Afrixalus lacteus
- Conservation status: Endangered (IUCN 3.1)

Scientific classification
- Kingdom: Animalia
- Phylum: Chordata
- Class: Amphibia
- Order: Anura
- Family: Hyperoliidae
- Genus: Afrixalus
- Species: A. lacteus
- Binomial name: Afrixalus lacteus Perret, 1976

= Afrixalus lacteus =

- Authority: Perret, 1976
- Conservation status: EN

Species of frog

Afrixalus lacteus is a species of frog in the family Hyperoliidae. It is endemic to Cameroon and known from a few mountains in the western part of the country; specifically, it has been recorded from Mount Manengouba (its type locality), Mount Nlonaka, and the southern Bamileke Highlands (Mount Bana, Foto, and Batie). Common name Cameroon banana frog has been coined for it. Prior to its description, it was confused with Afrixalus lindholmi.

==Description==
Adult males measure 22–27 mm and adult females 25–29 mm in snout–vent length. The overall appearance is stocky. The fingers are about one-third webbed and the toes are half webbed; both finger and toe tips bear large discs.
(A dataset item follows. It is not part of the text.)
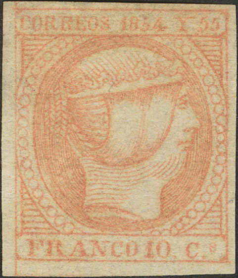 (★) 2b. 1854. 10 cuartos rosa. Márgenes enormes. MAGNIFICO Y MUY RARO, ESPECIALMENTE EN ESTA CALIDAD. Cert. GRAUS. Edifil 2019: 1.275 Euros

The colouration varies by the time of the day: during the daytime, the dorsum is almost completely milky white, with few brown chromatophores, whereas at night, there are numerous brown chromatophores and the dorsum may be completely brown. The canthus rostralis is always brown. The thighs, hands, and feet are lemon yellow.

The male advertisement call is a rather quiet, high-pitched buzzing.

==Habitat and conservation==
Afrixalus lacteus is found in montane forests (including secondary forest and forest edges) and in Raffia palm swamps at elevations of 1200–1900 m above sea level. Males call from the canopy of trees close to streams where breeding takes place.

Afrixalus lacteus is an uncommon species known from only few localities. It is threatened by habitat loss and fragmentation associated with agricultural encroachment and collection of wood. On Mount Manengouba a specific threat is deforestation caused by unsustainable harvesting of Prunus africana. Afrixalus lacteus is not known from any protected area.